START GIVEN DATA

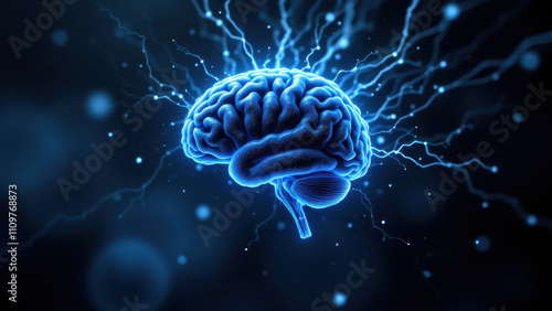 Fototapeta premium AI neural network with electric sparks, representing artificial general intelligence.
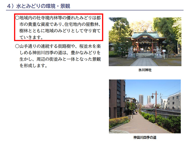 これらのみどりやオープンスペースは、景観形成だけでなく、防災面においても極めて重要です。私は令和3年の決算特別委員会総括質疑において、中野区の環境における神社・寺院の存在の大きさを強く訴え、マスタープランにその位置づけを明記するよう一貫して指摘してまいりました。
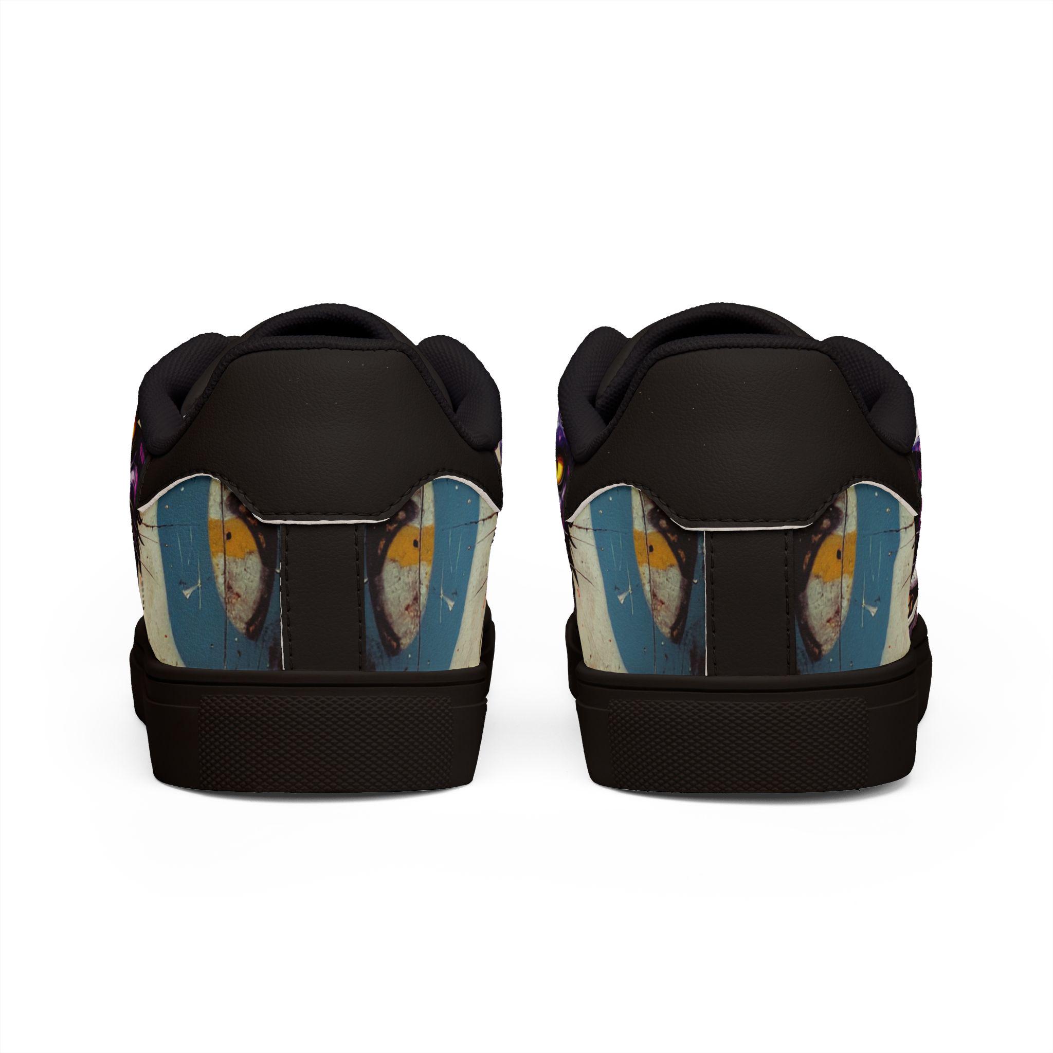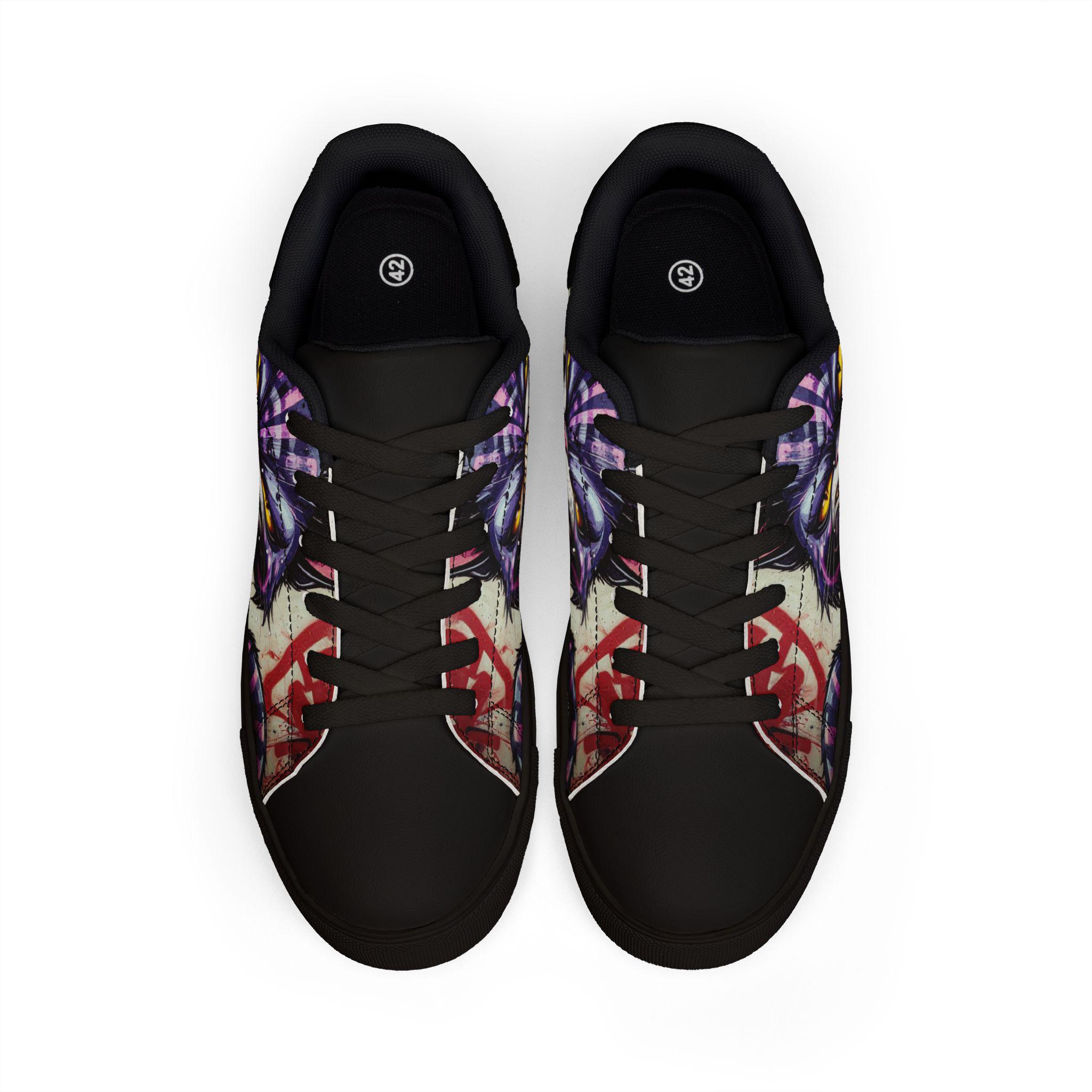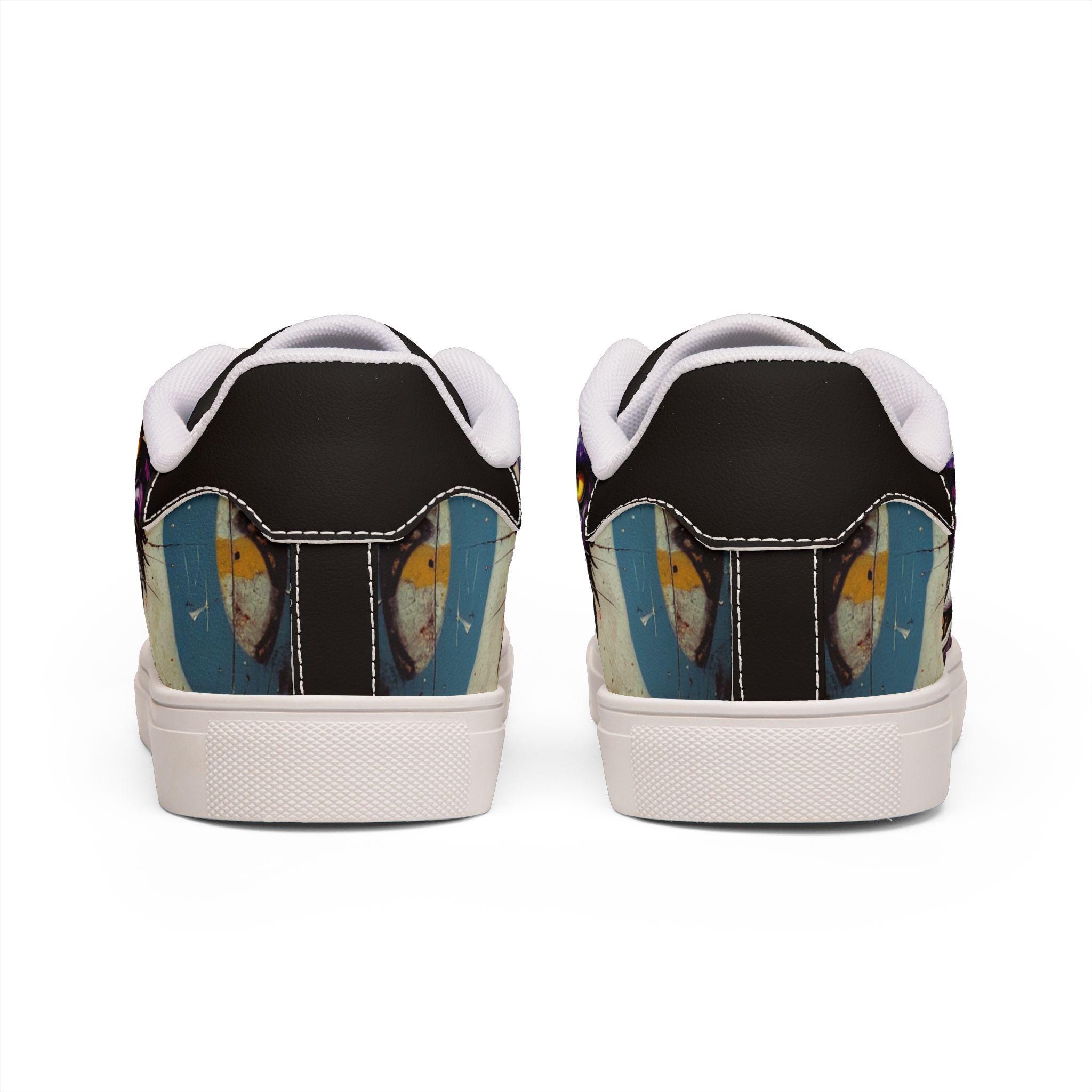 Step into a little bit of mischief and a lot of personality. These low-top leather sneakers take a bold, illustrated Cheshire-cat face and turn it into wearable attitude—bright yellow eyes, a crooked grin, and vivid graffiti accents wrap around the sides for a street-ready look. Lightweight microfiber leather gives a smooth, leather-like finish while the EVA-cushioned rubber sole keeps each step springy and sure. They feel casual and confident: pair them with rolled jeans, a leather jacket, or your favorite band tee for days when you want your footwear to do the talking. Built to last and easy to style, they blend quirky art with everyday comfort so you can roam, explore, and stir up smiles wherever you go.

END GIVEN DATA

YOUR TASK. Pass over the images and copy the rest of the material above exactly.

WRITTEN REPLY.
 Fototapeta premium AI neural network with electric sparks, representing artificial general intelligence.
 これらのみどりやオープンスペースは、景観形成だけでなく、防災面においても極めて重要です。私は令和3年の決算特別委員会総括質疑において、中野区の環境における神社・寺院の存在の大きさを強く訴え、マスタープランにその位置づけを明記するよう一貫して指摘してまいりました。
 Step into a little bit of mischief and a lot of personality. These low-top leather sneakers take a bold, illustrated Cheshire-cat face and turn it into wearable attitude—bright yellow eyes, a crooked grin, and vivid graffiti accents wrap around the sides for a street-ready look. Lightweight microfiber leather gives a smooth, leather-like finish while the EVA-cushioned rubber sole keeps each step springy and sure. They feel casual and confident: pair them with rolled jeans, a leather jacket, or your favorite band tee for days when you want your footwear to do the talking. Built to last and easy to style, they blend quirky art with everyday comfort so you can roam, explore, and stir up smiles wherever you go.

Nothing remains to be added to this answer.